* Brief
Make an exact copy of all the data, pictures excluded.

* Data extract
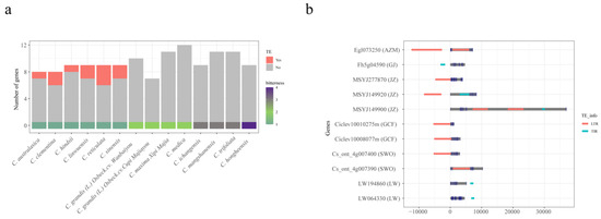 Based on functional annotation of each genome, a total of 217 candidate genes were identified under the K00128 identifier. A conserved domain search of the National Center for Biotechnology Information (NCBI) database revealed a high confidence level (specific hit) between 206 gene sequences and the Conserved Domain Database (CDD) model. Results showed that 184 of these genes belonged to the aldehyde-alcohol dehydrogenase family (AdhE), including 101 genes containing ALDH active sites (Supplementary Table S4). The intersect screening between intact TEs and the 184 genes and their promoters indicated that 11 genes, all from low-bitterness samples, overlapped with intact TEs (Figure 7a); TIRs and LTR-RTs were involved in these insertion events (Figure 7b). No assembly gaps were found near the 11 genes, indicating their reliability. These findings suggest that the presence and absence of intact TEs near the AdhE superfamily may be highly correlated with the biosynthesis of limonene, a major contributor to bitterness in Citrus fruit.
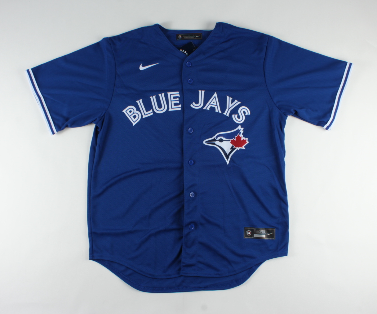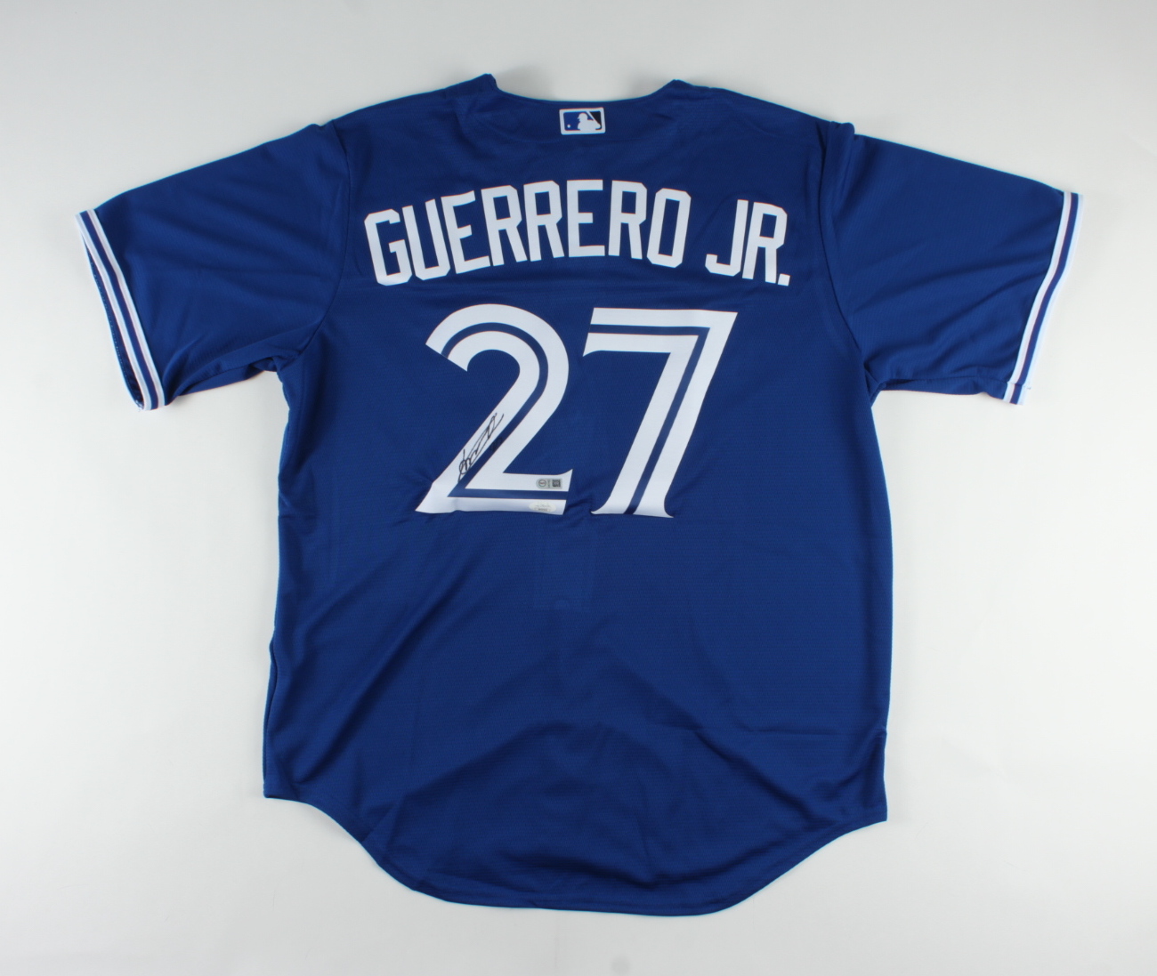 Nike on-field style jersey. Everything sewn on, size L. Has been hand-signed by Vladimir Guerrero Jr. (Toronto Blue Jays).
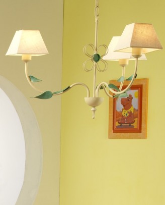 Lámpara realizada en forja, pintada al horno y decorada con patina de blanco crema y verde a mano. Este modelo es ideal para el dormitorio de los más peques.
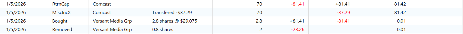 - Enter a RtrnCapX transaction for 1/5/26 with: the amount equal to that basis change, and the Market Value field = Versant shares times 40.57, closing VSNT price 1/5/26.

* Reply to the exercise
 Based on functional annotation of each genome, a total of 217 candidate genes were identified under the K00128 identifier. A conserved domain search of the National Center for Biotechnology Information (NCBI) database revealed a high confidence level (specific hit) between 206 gene sequences and the Conserved Domain Database (CDD) model. Results showed that 184 of these genes belonged to the aldehyde-alcohol dehydrogenase family (AdhE), including 101 genes containing ALDH active sites (Supplementary Table S4). The intersect screening between intact TEs and the 184 genes and their promoters indicated that 11 genes, all from low-bitterness samples, overlapped with intact TEs (Figure 7a); TIRs and LTR-RTs were involved in these insertion events (Figure 7b). No assembly gaps were found near the 11 genes, indicating their reliability. These findings suggest that the presence and absence of intact TEs near the AdhE superfamily may be highly correlated with the biosynthesis of limonene, a major contributor to bitterness in Citrus fruit.
 Nike on-field style jersey. Everything sewn on, size L. Has been hand-signed by Vladimir Guerrero Jr. (Toronto Blue Jays).
 Lámpara realizada en forja, pintada al horno y decorada con patina de blanco crema y verde a mano. Este modelo es ideal para el dormitorio de los más peques.
 - Enter a RtrnCapX transaction for 1/5/26 with: the amount equal to that basis change, and the Market Value field = Versant shares times 40.57, closing VSNT price 1/5/26.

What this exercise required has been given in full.